- What the task requires -
Please write out only the lines from the line with "公園占地十六萬(wàn)平方" to the line with "ロエベ グリーンショルダーバッグ 型押しレザー ビンテージ", inclusive, exactly as they stand below, without the pictures.

- Available data -
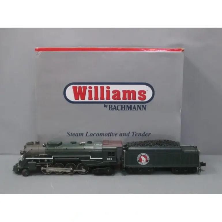 First introduced in 1927, the 2-8-4 Berkshire was designed and built by both Alco and Lima. The newly designed 4-wheel trailing truck allowed for a larger boiler that developed much more steam. Even though only 750 Berks were made, they were popular for longer than most other steamers built in the same era. The last Berkshire was built in 1949 by Lima. Features: traction tires powered by a powerful single motor, steel rimmed wheels, electronic 6-amp reverse board, True Blast II digital whistle and bell, die-cast operating coupler, smoke generator, Baldwin disc drive wheels, die-cast trucks, wire form handrails and grabrails.
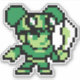 Cet autocollant présente l'art pixel de Beryl Hatebad, le maître-quart des pirates du ciel dernier et la tête logique sur les épaules de chacun. Ce design a été réalisé par Thomas Lessa.
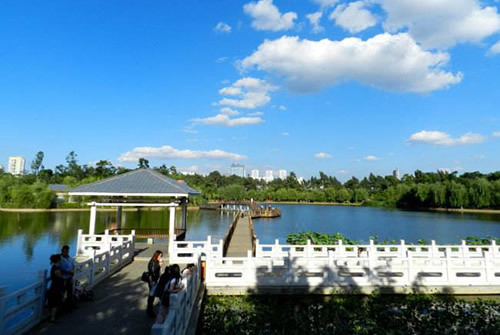 公園占地十六萬(wàn)平方米,其中水面積五萬(wàn)余平方米,綠化率達(dá)百分之七十,是一座以自然風(fēng)光為主體的現(xiàn)代園林公園。同時(shí)也是云南省首個(gè)法制公園。
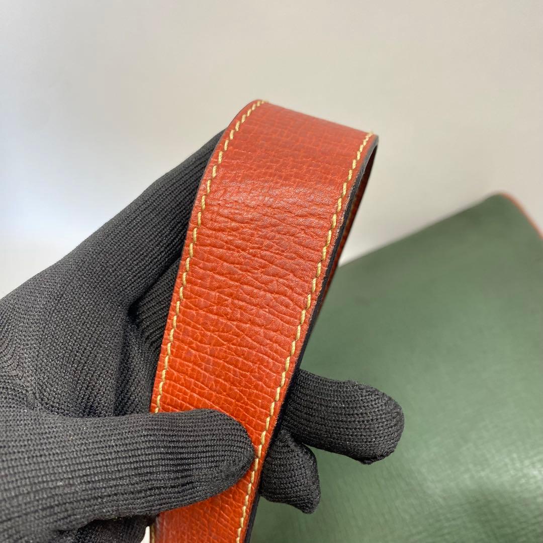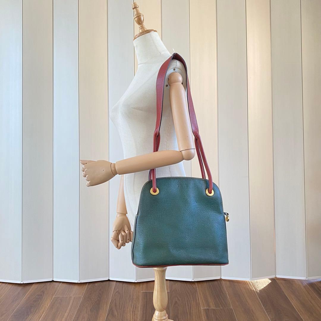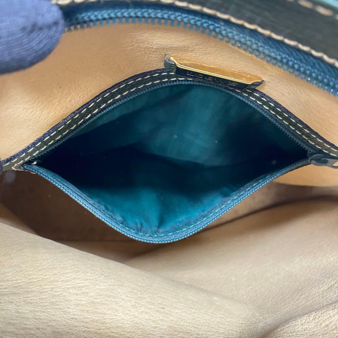 ロエベ グリーンショルダーバッグ 型押しレザー ビンテージ
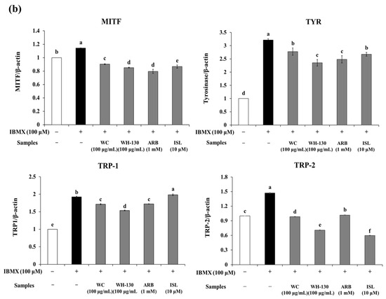 Effects of licorice extracts (WC and WH-130) on the expression of melanogenesis-related proteins in B16F10 cells. Cells were treated with licorice extracts (WC and WH-130), arbutin (ARB, 1 mM) and isoliquiritigenin (ISL, 10 μM) for 48 h. (a) Expression levels of proteins including MITF, TYR, TRP-1 and TRP-2 were determined through a western blotting assay (densitometric data). Equal protein loading was confirmed with β-actin as a housekeeping protein. (b) Values are presented as mean ± SD from three experimental replicates. Significance was statistically defined with small letters at p < 0.05.
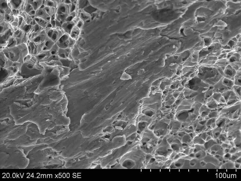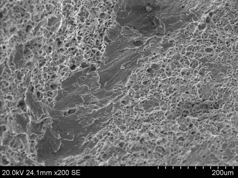 正常来说,铝合金拉伸断口sem应该就是韧窝特征,可是我做的拉伸断口出现了一些平滑的区域,如图所示,对其放大观察也是和韧窝截然不同的特征,不知道这个区域是什么?怎么形成的?求助虫友帮忙分析一下,非常感谢! 发自小木虫Android客户端 |

- Solution to the exercise -
 公園占地十六萬(wàn)平方米,其中水面積五萬(wàn)余平方米,綠化率達(dá)百分之七十,是一座以自然風(fēng)光為主體的現(xiàn)代園林公園。同時(shí)也是云南省首個(gè)法制公園。
 ロエベ グリーンショルダーバッグ 型押しレザー ビンテージ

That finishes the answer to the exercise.